X-ray, gamma ray, and neutron collimators

Collimators used to record gamma rays and neutrons from a nuclear test.

In X-ray optics, gamma ray optics, and neutron optics, a collimator is a device that filters a stream of rays so that only those traveling parallel to a specified direction are allowed through. Collimators are used for X-ray, gamma-ray, and neutron imaging because it is not yet possible to focus these types of radiation into an image using lenses, as is routine with electromagnetic radiation at optical or near-optical wavelengths. Collimators are also used in radiation detectors in nuclear power stations to make directional sensitivity.

Limitations

Although collimators improve resolution, they also reduce intensity by blocking incoming radiation, which is undesirable for remote sensing instruments that require high sensitivity. For this reason, the gamma ray spectrometer on the Mars Odyssey is a non-collimated instrument. Most lead collimators let less than 1% of incident photons through. Attempts have been made to replace collimators with electronic analysis. ^{[citation needed]}

In radiation therapy

Collimators (beam limiting devices) are used in linear accelerators used for radiotherapy treatments.

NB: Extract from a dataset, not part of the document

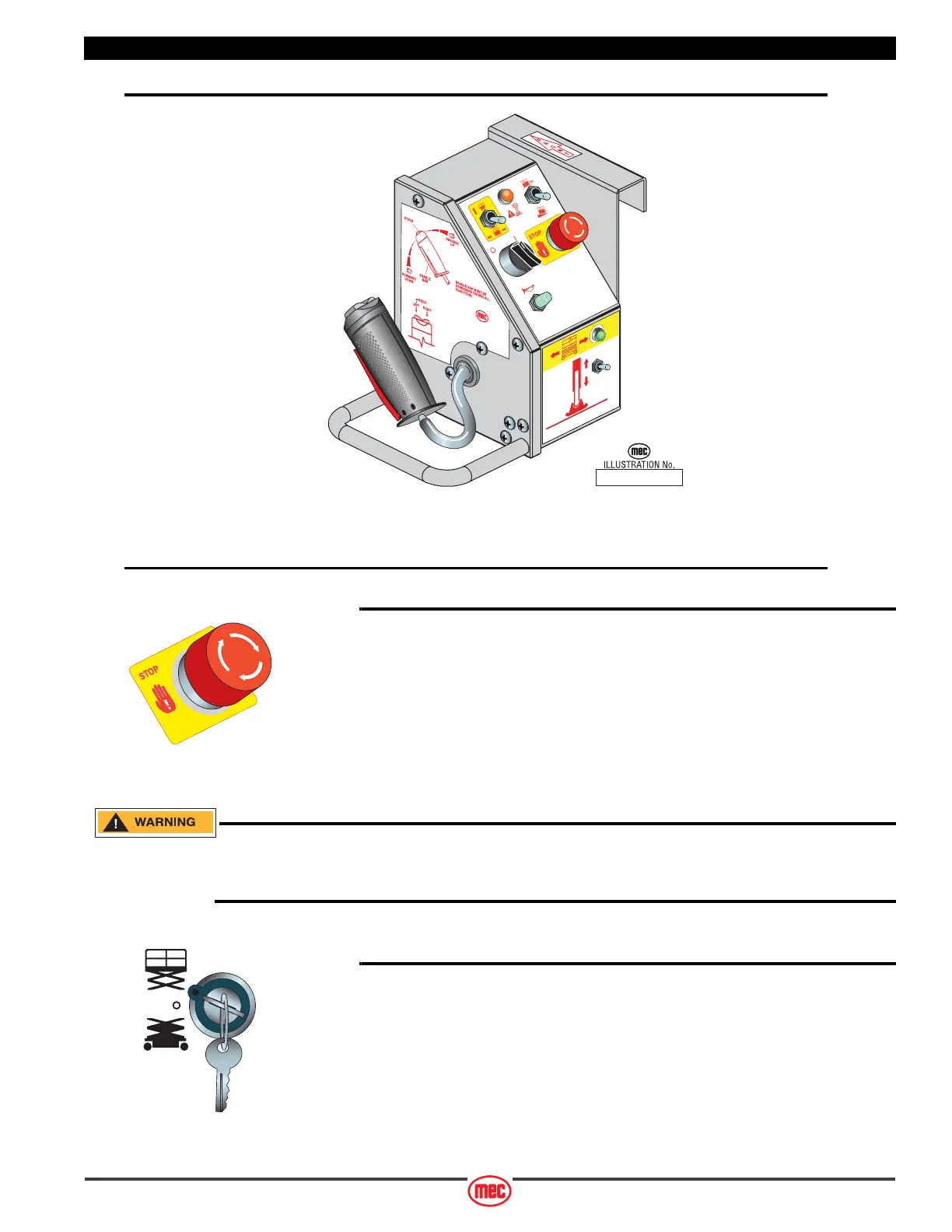 Activation of the EMERGENCY STOP switch will apply brakes immediately. This may cause unexpected

They help to shape the beam of radiation emerging from the machine and can limit the maximum field size of a beam.

The treatment head of a linear accelerator consists of both a primary and secondary collimator. The primary collimator is positioned after the electron beam has reached a vertical orientation. When using photons, it is placed after the beam has passed through the X-ray target. The secondary collimator is positioned after either a flattening filter (for photon therapy) or a scattering foil (for electron therapy). The secondary collimator consists of two jaws which can be moved to either enlarge or minimize the size of the treatment field.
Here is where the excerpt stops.